**Your task**
Repeat the whole listing word for word, skipping pictures.

**Given data**
[Start of Attachment]

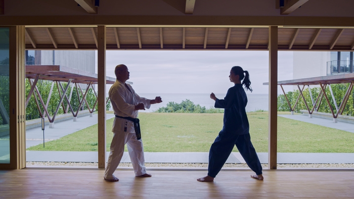 緊張と弛緩の大きな波を迎える2日目には、沖縄発祥の武術である琉球空手を体験します。体験する場所は星のや沖縄の施設内にある道場です。呼吸・姿勢・意識に焦点を当てて、型の動きを繰り返し行いながら、自己鍛錬を目的とする空手の心得についても学びます。
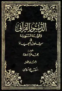 - "الدستور القرآني والسنة النبوية في شؤون الحياة"، وطُبع في مجلدين كبيرين. تصدر هذا العمل الكبير مؤلفات دروزة في المجال الإسلامي. أوضح في هذا الكتاب ما احتواه القرآن والسنة النبوية من نظم لمختلف شؤون الحياة، ويمثل هذا المؤلف تحولاً كبيراً في حياة مؤلفه بعد أن استوفى دراسات التاريخ القومي وقضايا المجتمع العربي، حيث أدرك أهمية التماس منهج القرآن والالتزام به لتحقيق أهداف الأمة العربية.
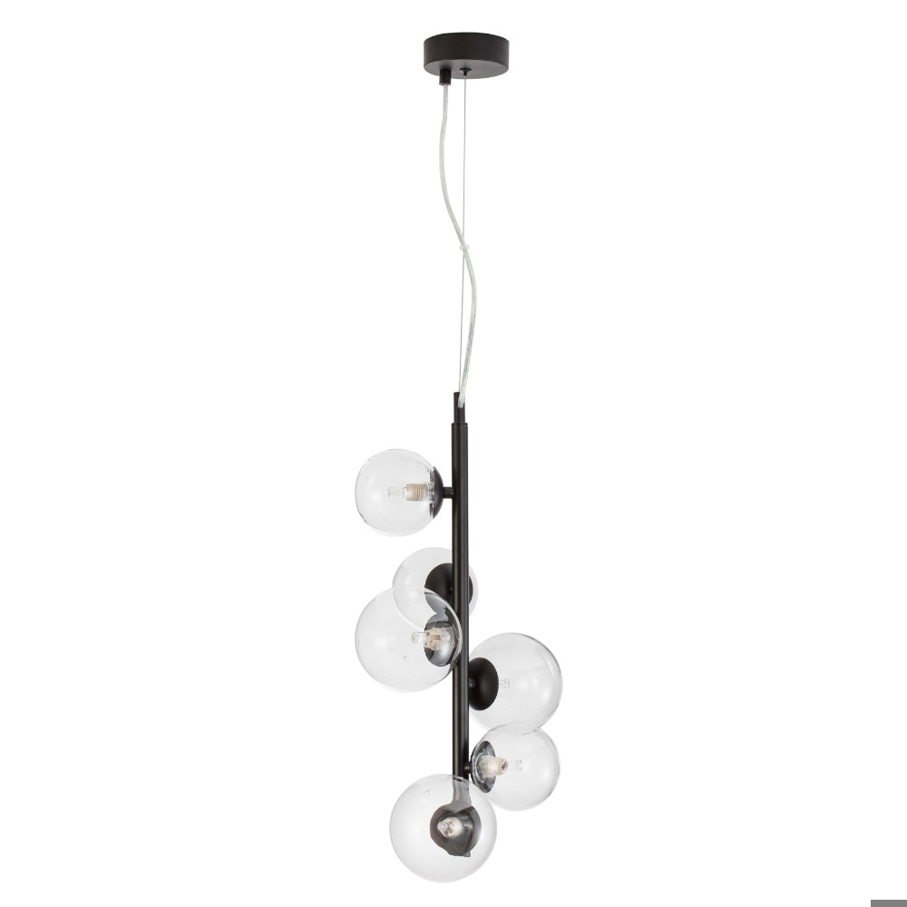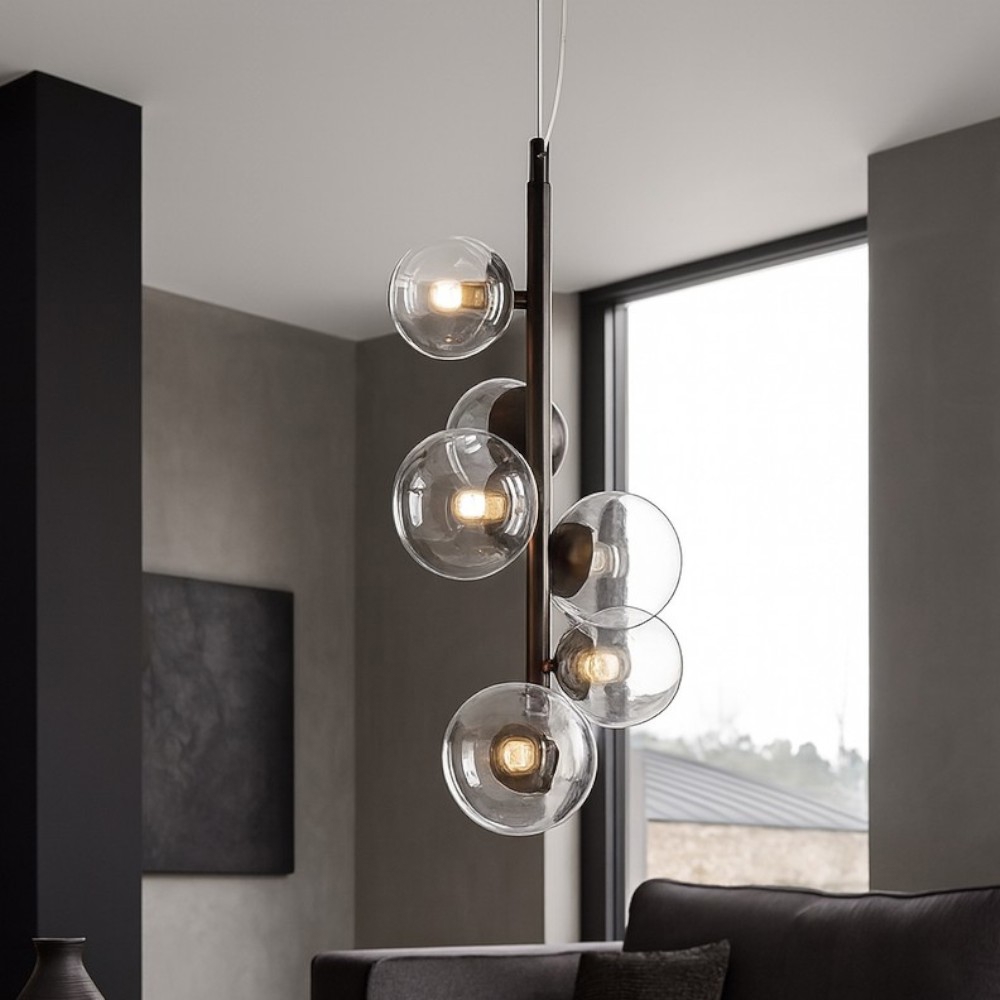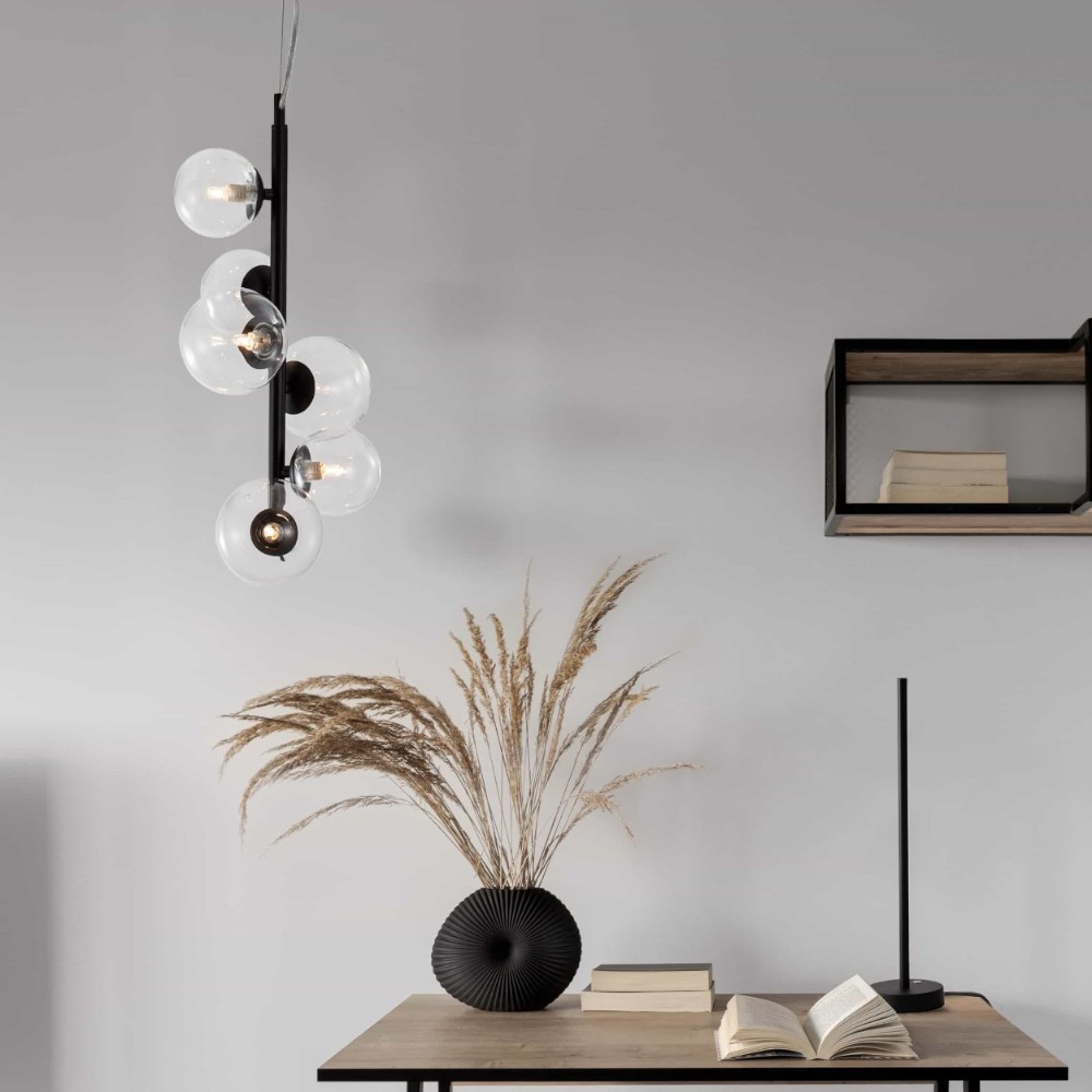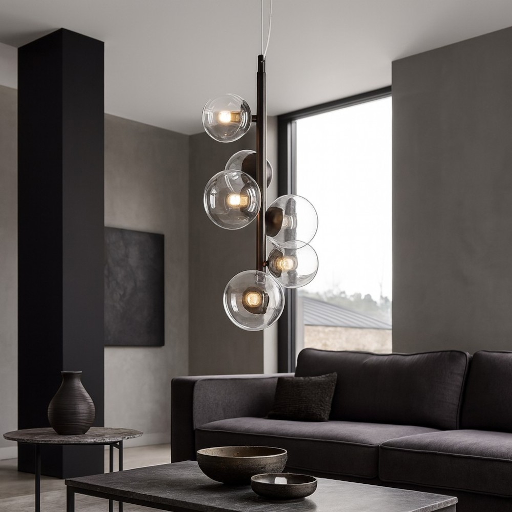 Lampadario per soggiorno moderno nero sfere di vetro trasparente
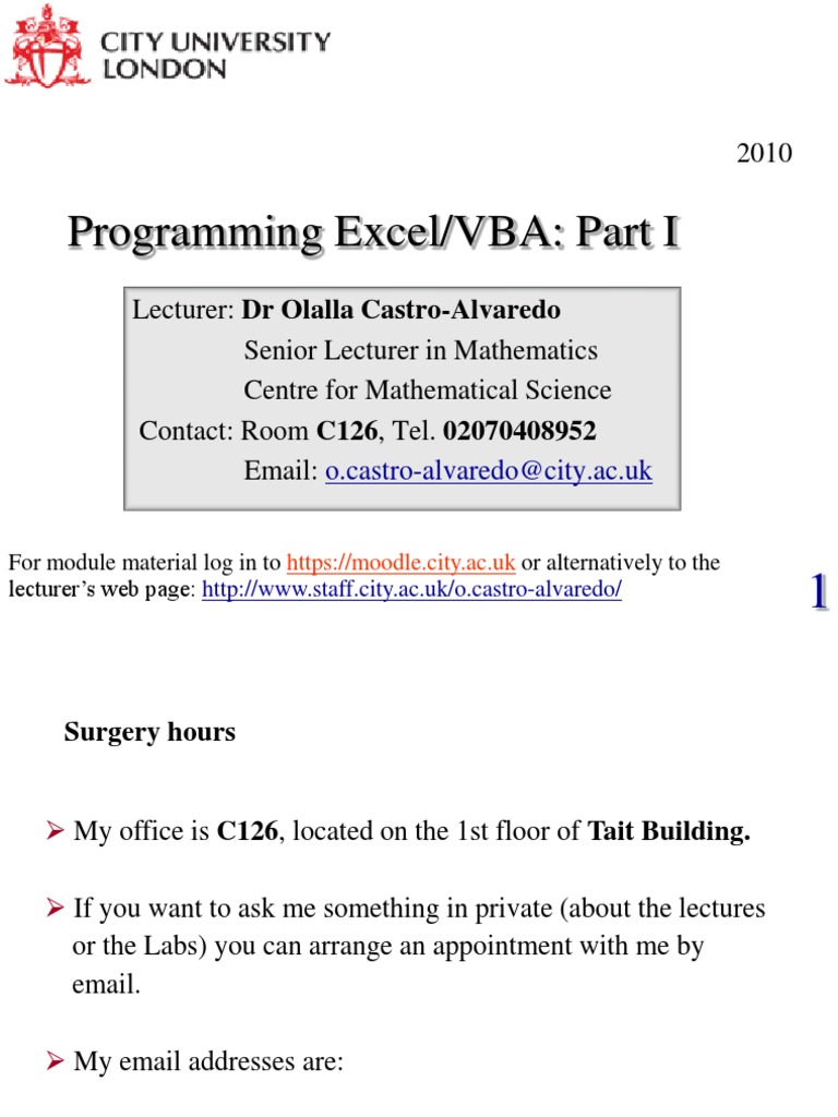 Reading list The lecture notes for this module are partly based on several text books which can be useful for different parts of the module. The lecture notes and your class notes should be sufficient for you to understand every aspect of the module. If you have used Excel before, you will find the first few weeks of lectures very easy (it will get harder!) The following text books will be helpful for different parts of the module. Some books concentrate only on Excel, others cover only VBA. They are also of different levels. Copies of all these books are available in our library.

[End of Attachment]

**Response**
 緊張と弛緩の大きな波を迎える2日目には、沖縄発祥の武術である琉球空手を体験します。体験する場所は星のや沖縄の施設内にある道場です。呼吸・姿勢・意識に焦点を当てて、型の動きを繰り返し行いながら、自己鍛錬を目的とする空手の心得についても学びます。
 - "الدستور القرآني والسنة النبوية في شؤون الحياة"، وطُبع في مجلدين كبيرين. تصدر هذا العمل الكبير مؤلفات دروزة في المجال الإسلامي. أوضح في هذا الكتاب ما احتواه القرآن والسنة النبوية من نظم لمختلف شؤون الحياة، ويمثل هذا المؤلف تحولاً كبيراً في حياة مؤلفه بعد أن استوفى دراسات التاريخ القومي وقضايا المجتمع العربي، حيث أدرك أهمية التماس منهج القرآن والالتزام به لتحقيق أهداف الأمة العربية.
 Lampadario per soggiorno moderno nero sfere di vetro trasparente
 Reading list The lecture notes for this module are partly based on several text books which can be useful for different parts of the module. The lecture notes and your class notes should be sufficient for you to understand every aspect of the module. If you have used Excel before, you will find the first few weeks of lectures very easy (it will get harder!) The following text books will be helpful for different parts of the module. Some books concentrate only on Excel, others cover only VBA. They are also of different levels. Copies of all these books are available in our library.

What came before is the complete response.